I’m the daughter of immigrants and my dad came to the United States during the 1960s to complete his medical training in Chicago and St. Louis. We ended up settling in a rural area of Southern Illinois where I graduated from a very small high school class of 90 students. My mom never had the opportunity to go to college, because in her childhood, the emphasis for women was getting married and starting a family. She always was the one who told me I should dream bigger, and she was ahead of her time back in the 80s and 90s in raising me with this mindset. I have a lot of that spirit in me from her.

What or who inspired you to pursue your career? We’d love to hear the story.

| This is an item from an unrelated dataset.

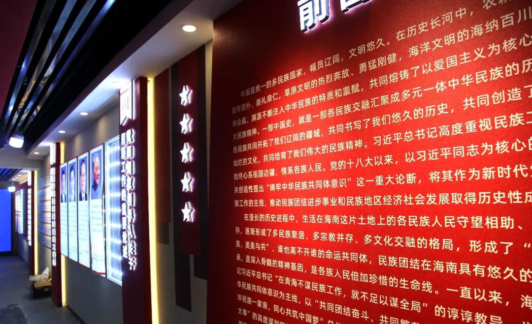 體驗館由“淵源流長、共同書寫海南悠久歷史”“命運與共、共繪中華民族共同體底色”“團結奮斗、共建中華民族共同體”“人杰地靈、共同孕育圣潔海南”“繼往開來,共圓偉大復興中國夢”五個篇章十八個單元組成,展陳布局完整、內(nèi)容新穎、特色鮮明,是展示海南悠久歷史的“隧道”、改革發(fā)展成果的“窗口”、參觀學習交流的“平臺”、各民族交往交流交融的“陣地”。

Shortly after my dad immigrated here, his father was diagnosed with a very rare cancer called Sinonasal Undifferentiated Carcinoma — we use the term SNUC now. This was in the late 60s in India and oncology care was only in its infancy. His doctors tried experimental radiation on him, which unfortunately resulted in a lot of pain, facial burning, and other side effects, yet did nothing to control the tumor. He died a very tragic death with no quality of life in a small village without his son, who was the only doctor in the family, there. That story has always touched me and inspired me to pursue my career in oncology. At the beginning of my career, the first patient I ever took care of by myself as an attending physician had the same tumor, which is super rare, as I have only seen two in my whole career. His treatment was successful, and he ended up having a fruitful career as an artist. This full-circle moment affirmed that I had chosen the right career path, and I am proud to help patients like him.

This is not easy work. What is your primary motivation and drive behind the work that you do?

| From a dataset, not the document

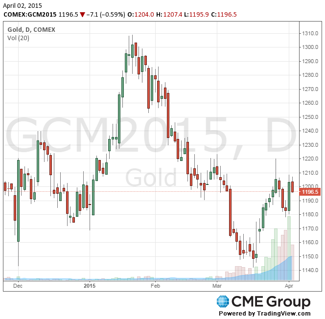 Стоимость июньского фьючерса на золото на COMEX сегодня упала до 1195.90 долларов за унцию.
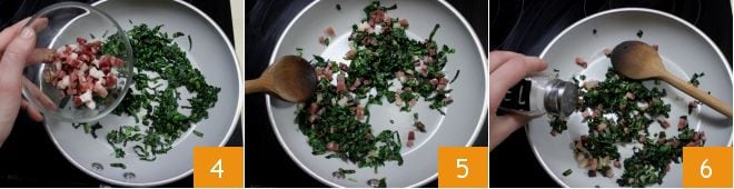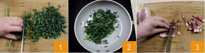 Pour préparer les feuilletés avec speck et chou noir, commencez par laver le chou noir sous l'eau courante. Éliminez les feuilles extérieures si elles présentent des imperfections et sont trop dures, puis coupez les autres feuilles en julienne 1. Versez un filet d'huile dans une grande poêle et ajoutez les tranches de chou 2 : laissez le chou noir faner pendant environ 5 minutes. Pendant ce temps, coupez le speck en dés de même taille 3.

In oncology, you really connect with patients and their families as you’re helping them through such a sensitive and rough time. It can be exhausting, but as Mr. Rogers said, you have to look for the helpers in life, and I feel privileged to be able to help them. Patients and families can be very inspiring in those hard moments, and that’s what keeps me going — that sense of connection and getting to know people and being there for them during those low points.

What are some of the most interesting or exciting projects you are working on now? How do you think that might help people?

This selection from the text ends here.